Cantor Fitzgerald's Joseph Foresi agreed with Palmer on the buy rating, although he takes a somewhat more cautious stance on the price target. He said, "We believe PayPal can grow at roughly double the market average, supporting its premium. PYPL is breaking out after being in a sideways channel." Foresi, ranked No. 2 overall out of 5,215 in TipRanks' database, gives a price target of $101, suggesting, for the moment, a 2.2% upside potential for this stock.
PayPal's overall rating is a strong buy, based on 19 buys and four holds. The stock's average price target of $103 implies a modest upside of 4.8% to the $98 price.
Online marketers know Salesforce (CRM - Get Report) - the company generates more than $10 billion in annual revenue providing cloud software to manage customer relationships and other marketing-based applications. Over the past 20 years, Salesforce.com has become a leader in its field.
That leadership is likely to remain strong, Salesforce is poised to beat the quarterly earnings forecast in its fourth-quarter report after the market closes on Monday. Oppenheimer analyst Brian Schwartz, ranked No. 6 overall in the TipRanks database, suggests $3.56 billion in fourth-quarter revenue, with EPS at 54 cents. However, he is convinced that the company will meet or beat these estimates.
He said in his comments, "Our research mosaic points to good business trends for salesforce.com, healthy demand for enterprise SaaS and the mosaic raises our conviction for the [fourth-quarter] upside potential." Along with this upbeat outlook, Schwartz gives CRM shares a buy rating, a $180 price target, and a 9.4% upside potential.
Writing from Jefferies, No. 7 ranked analyst John Difucci agreed that Salesforce has a solid prospect and firm foundations. In his Feb. 25 comments on CRM, he said, "Salesforce's pipeline remains robust and the company remains well positioned to achieve its long-term financial goals." Difucci gives the company a robust $189 price target with his buy rating. In his view, Salesforce offers a 14% upside.
Overall, CRM shares hold a strong buy from the analyst consensus, and the $180 average price target offers room for a 9.8% upside from the share price of $164. This is based on 10 unanimous buy ratings.
Palo Alto Networks
In these days of cloud computing and networked offices, cybersecurity is a necessity. Palo Alto Networks (PANW - Get Report) steps in to meet that need, with advanced firewall software, including cloud-based applications. The company's mission is to prevent successful cyberattacks.
Customers must agree, as Palo Alto Networks reported a strong fiscal second quarter at the end of February. With EPS of $1.51 blowing away the $1.22 estimate, and revenue doing likewise at $711.2 million vs $682 million, PANW shares spiked by $19 after the report. While they have slipped $9 since, shares are still up more than 4% since the earnings report.

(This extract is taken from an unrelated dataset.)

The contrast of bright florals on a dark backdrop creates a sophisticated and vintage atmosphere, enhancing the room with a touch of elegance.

Again, top-ranked market analysts agree that PANW shares are looking up. Difucci from Jefferies already had the stock at a buy rating, so he maintained that while raising his price target to $296 - an 18% increase. His new target gives the stock a potential 20% upside.

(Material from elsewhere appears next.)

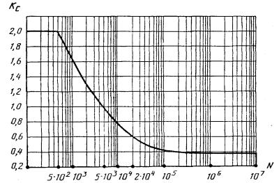 N - наработка, цикл; Кс - коэффициент, учитывающий изменение амплитуд симметричного цикла

At the same time, RBC analyst Matthew Hedberg, the No. 5 ranked analyst overall out of 5,233 in TipRanks' database, gave PANW a $300 target with a 22% upside. In his comments, Hedberg said, "Palo Alto delivered a strong quarter as the model continues to demonstrate impressive results at scale. We remain bullish on its opportunity to secure and consolidate spending at the network, endpoint, and cloud, and we are seeing the success in results."
Palo Alto's strong buy analyst consensus, based on 21 buy ratings, four holds, and one sell, reflects the sudden flood of buy recommendations from analysts that came in after the quarterly earnings report. The average price target, now at $279, gives this stock an upside potential of 14% compared to the current share price of $245.